The US equivalent to a Soviet Union satellite equipped with a nuclear reactor is the radioisotope thermoelectric generator or RTG. An RTG is a nuclear reactor type electrical generator. The heat released from the radioactive decay of a specified radioactive element in the device is converted into electricity and used for power.
 Thus, RTGs can be considered as a type of battery, and have been used as power sources in satellites, space probes and other unmanned remote facilities (such as a series of lighthouses built by the former Soviet Union inside the Arctic Circle).

 RTGs are used where solar cells are not practical and power usage is longer than that which can be provided by fuel cells.
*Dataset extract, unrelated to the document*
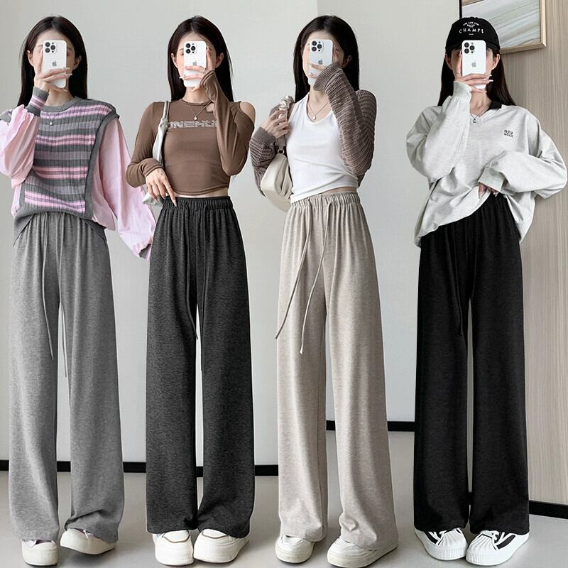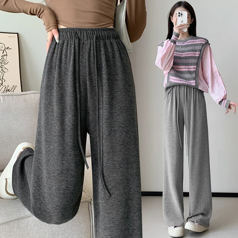ドレープのあるもち米パンツの女性の狭いバージョン、秋と冬の小柄な人、ドレープのあるワイドレッグパンツ、ルーズストレートカジュアルフロアレングスパンツ オータム 秋物 ウィンター 冬物 7460015842591910 | framboise21

A common application of RTGs is as power sources on spacecraft such as Voyager 1, Voyager 2 and Galileo. In addition, RTGs were used to power scientific experiments left on the Moon by the crews of Apollo 12 through 17 (except Apollo 13, as we will see).

 RTGs may pose a risk of radioactive contamination: if the container holding the fuel leaks, the radioactive material may contaminate the environment. For spacecraft, the main concern is that if an accident were to occur during launch or a subsequent passage of a spacecraft close to Earth.

One such incident took place on April 21, 1964, when a Transit-5BN-3 navigation satellite failed to reach orbit when launched. The spacecraft burned up over Madagascar and the plutonium fuel in the RTG was injected into the atmosphere over the Southern Atlantic Ocean. Traces of the Plutonium were detected in the atmosphere as a result.